图2展示了货单管理系统的初步的数据流程图。

从CUSTOMER(顾客)开始,由此事务进入系统,在这所办理的手续由PROCESS TRANSATION(事务处理程序)处理。

STOCK保存货单中每项商品的数据.为了对新的事务处理起作用,事务处理程序要改变数据。

同时,MANAGEMENT(经营部门)可通过COMMUNICATE(通信)存取系统,检查STOCK中的数据,如果需要的话,请求重新订货.订货单一经核准。

GENERATEREORDER(产生订货单程序)就向SUPPLIER(供应商)发出需要的数据,供应商就把货运送到商店。

注意,因为订货表现为某种待定的商品或某些商品在清单中的变化,所以把订货作为事务处理。

图 2
数据流程图描述了逻辑系统。

下一步该追溯该系统的数据流向了。

从数据的目的地SUPPLIEF开始。

例如,重订货单送给了供货商们,商店可能想要25条工作裤,为了填写订货单,供应商需要商品的说明和再订货的数量,那么,这些数据从什么地方来呢?由于数据是Generate reorder输出的,所以既要有数据输入给它,还要有数据经过它的处理而产生。

数据从STOCK流入Generate reorder,因此商品说明和订货数量必定存放在STOCK中。

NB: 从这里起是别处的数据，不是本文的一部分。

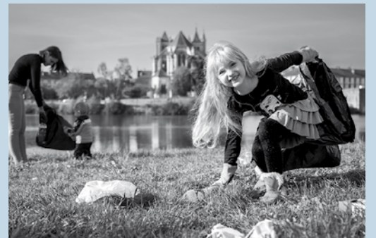
Ci-dessus la photo lauréate du concours «Montereau, responsables et engagés». Elle est l'œuvre de Jordan Fregona qui, à travers ce cliché, a souhaité montrer que des petits gestes du quotidien peuvent améliorer le confort des habitants et qu'il est possible d'apprendre cela aux générations futures.

J'ai besoin de vous ! Signez la pétition sur www.montereau77.fr et dans les accueils municipaux : notre territoire doit se faire entendre !

另外一些数据,例如购买的货物品种和数量由CUSTOMER产生,还有一些数据,例如销售价格和订货点由MANAGEMENT产生,或者由它提出要求。

例如,某种已知货物的现存量就是由某个处理过程中的某种算法产生出来的。

分析员逐步地、有条理地区分了系统要求输入、存储、处理、产生或输出的应该分别是哪些数据元素。

为了记录数据元素,分析员必须把每个数据列在数据字典内简单的数据字典可建立在索引卡片上,但计算机化的数据字典已经变得日益流行了。

数据字典是描述和定义数据的一个数据集合,不仅在整个系统的分析与设计过程中有用,而且在实现阶段经常被用来建立数据库。

分析阶段的目标是定义系统的主要功能和有条理地确定数据元素。

记住,它的目标是把用户的需求转换成技术术语。

因为系统是由用户提出的,所以首先要确定用户的需求。

用户只是从功能和数据出发考虑系统,他们并不具体设计程序、文件和硬件,并且在这个初始的带有决定性的分析阶段,分析员必须像用户而不像程序设计员一样去思考问题。

这是该阶段的基本要求。

数据流程图和数据字典是有用的工具。

这些工具为记录用户系统的关键信息提供了一种格式。

还有,这些工具可帮助唤醒分析员的记忆。

例如,如果分析员没有足够的信息使数据字典的条目完整化,那么分析员就可能丢失一些内容。

也许,数据流程图和数据字典为分析员理解系统的需求提供了最重要的文件,通过查阅这些文件,用户能改正误解或疏忽大意。

最终,这些有用的工具为下一步设计阶段,奠定了一个良好的基础。

2.3设计
当进入设计阶段的时候,已知道必须做什么事。

因此可以开始考虑系统如何完成这些事。

目标是研究出解决问题的策略。

在该阶段上,对写代码或确定精确的数据结构并不感兴趣,而是希望从整体上确定整个系统所需要的程序、文件、过程和其它一些部分。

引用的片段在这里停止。